You may recall that we touched upon the disappearance of Sevastopol the peacock last time. It is the Forest School children who would be most upset if he had indeed been savaged by my dog, because although he was extremely aggressive and something of a piss-taker who on four occasions attacked my dog for no reason whatsoever, he was much loved by them once they got their head around what he actually was. I say this because on more than one occasion, I had the following conversation:

‘Look! There’s Sevastopol! He’s a peacock!’

‘A penguin?’

‘No, a peacock’

‘Like in the Arctic?’

‘No, a peacock. He normally lives in India’
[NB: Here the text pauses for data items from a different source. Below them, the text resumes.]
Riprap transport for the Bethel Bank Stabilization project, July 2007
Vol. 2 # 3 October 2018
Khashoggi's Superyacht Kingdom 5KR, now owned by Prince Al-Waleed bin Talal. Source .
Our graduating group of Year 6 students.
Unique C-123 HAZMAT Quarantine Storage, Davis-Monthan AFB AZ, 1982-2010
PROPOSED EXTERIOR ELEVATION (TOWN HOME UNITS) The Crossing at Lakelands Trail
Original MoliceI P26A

‘I saw a film about penguins at my school’

‘Yes, but Sevastopol is a peacock, do you see?’

‘What’s a peacock?’

…and so forth. Actually, the Forest School kids, bussed out from the grimmer parts of major cities to see the countryside, are endearing, and it is difficult not to take a shine to them. Also, they are far less noisy than their glamping counterparts, don’t have the food intolerances of middle class children, and bring packed lunches consisting of chocolate mini rolls and bags of Haribo Tangfastics. When you’ve had outraged glamper offspring demanding olives and halloumi it’s nice to see kids who just want to eat sweets all day. No child should prefer hummus to baked beans. We live in troubled times.
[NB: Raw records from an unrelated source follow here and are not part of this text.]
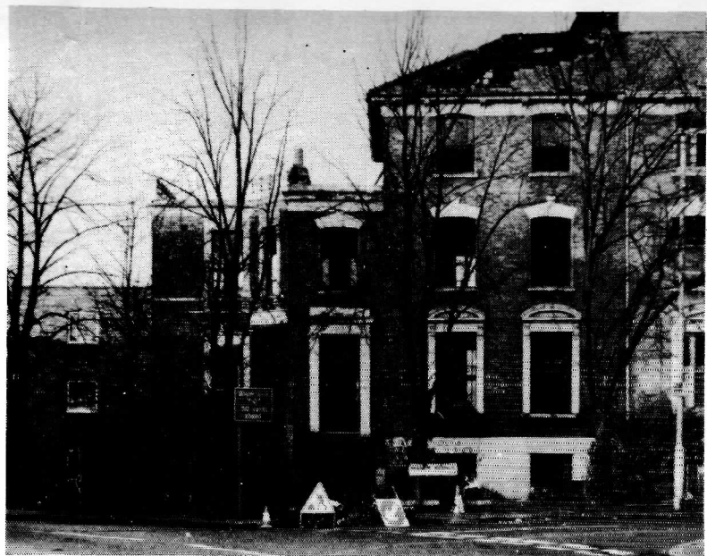
114-116 Manor Avenue

Estate Agents and Valuers Specialising in Residential Sales have constant enquiries locally and nationally for houses/flats/maisonettes 388 BROCKLEY ROAD, SE4 2BY Tel: 01 691 8731 ANYTIME Associated Office in Dulwich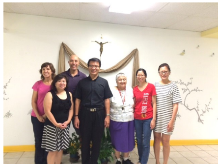
St. Therese Catechist gathered for a day of reflection on God's grace and their ministry (Aug. 27th).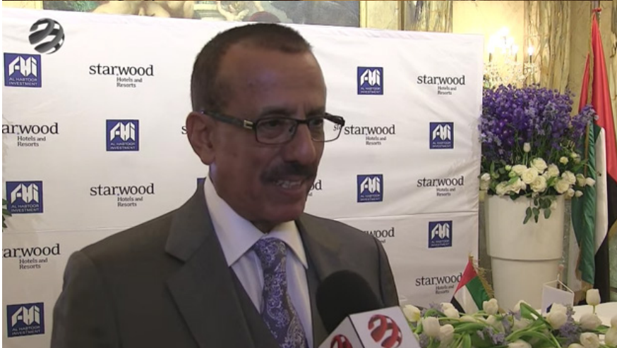
Click on the above to watch Khalaf Al Habtoor's interview for Globo TV

Selected ingredients of highest quality give the Imperial Torte its distinctive aroma - cacao cream is layered between delicate wafers of almond pastry and then covered in fine marzipan and a rich glaze of chocolate. A mouthwatering and must-try treat!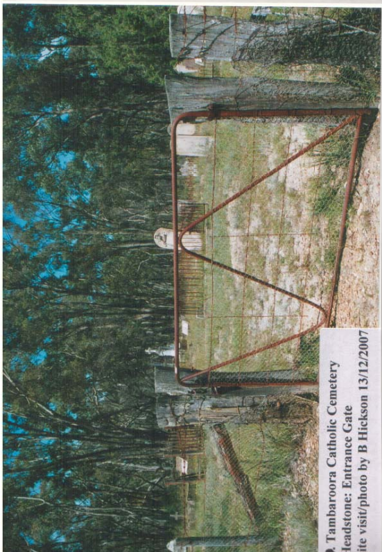
9. Tambaroora Catholic Cemetery Headstone: Entrance Gate site visit 13/12/2007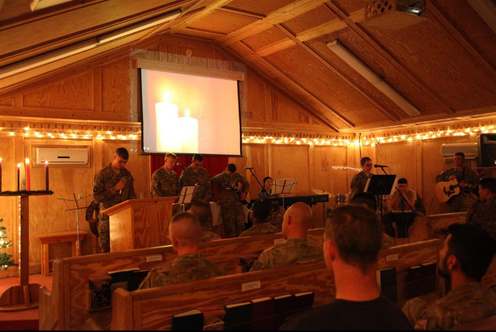
U.S. Army Soldiers and civilian contractors, assigned to Task Force 3/101, gather for worship during the Christmas Eve candlelight service at the chapel on Forward Operating Base Salerno, Khowst province, Afghanistan, Dec. 24, 2012.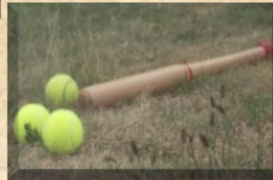
Artifact 29: Game "Palant"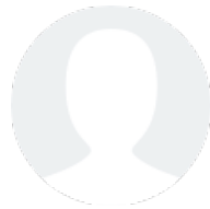
Mary Acre Realty, Ltd.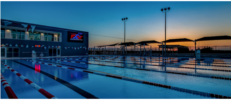
Join us for a Sunset Swim at FAST on Saturday, June 10, 2023 from 5 - 9 pm!

Anyway. I assumed my dog was a lurcher when Graham gave him to me. In case you are unfamiliar, a lurcher is a cross between a sight hound and a herding dog, with the most common being a greyhound/collie mix, although many variations abound. Lurchers are poachers’ dogs, and while Graham is a pest controller rather than a poacher, he has four others of this kind. I had originally wanted to name him Help Help Call The Police, to add interest when calling him back off the lead, but after consideration I changed this to Mr Fantastic. However, he had already been dubbed Archie by Graham’s kids, so his name became Mr Archibald Fantastic, only to encounter further complication when it transpired that he was a saluki, or Persian hunting dog, and therefore a Muslim rather than the Roman Catholic I had originally assumed. I changed his name again to Archibald al Fantastique to honour his Persian roots, and by way of thanking me, he repeatedly stole butter and hid it in the laundry basket. He also destroyed several pairs of sunglasses and drank a quantity of contact lens solution, although I suppose this is to be expected with a sight hound. This behaviour does not make a peacock killer though. Salukis are exceptionally sweet natured dogs, (unless you are running very fast away from them, like a desert hare or antelope, in which case they will chase you until your respiratory system collapses) and a peacock simply doesn’t move quick enough to trigger this sort of response. That said, if it’s adorable for some hippy’s cat to dismember every duckling Runton Hall has ever seen, it’s adorable for a frightened dog to defend itself against a violent peacock, regardless of his iridescent plumage and shiny blue face. While the case remains open, it is most likely that Sevastopol met his end due to the attentions of a fox. In case you are unfamiliar, a fox is the product of a dog breeding with a cat, and they are troublesome in the countryside.

Graham managed to rustle up a replacement Sevastopol before anyone noticed. How he did this I do not know, in the same way that I do not know how his children, two girls aged twelve and ten and a boy of four, seem to have established a successful tyre re-treading service on the outskirts of a Georgian country estate. Maybe they resprayed a goose. With regards to the tyres, I can only assume they’re buying them from relatives prior to selling them on to Joe, Becca, ‘Anton’ and sundry other people around Runton, and this is the sort of gap-in-the-market spotting enterprise of which I warmly approve. In any case, it’s not worth questioning them about it. One of the trustees did this recently, and discovered that they immediately shout ‘If you’re calling me a thief just come out and say it like a man’ and mob around you punching your legs if you do that sort of thing, at which point it is prudent to end your enquiries, accept that complimentary set of  Bridgestones you’ve been given by Graham to smooth things over, and leave it at that.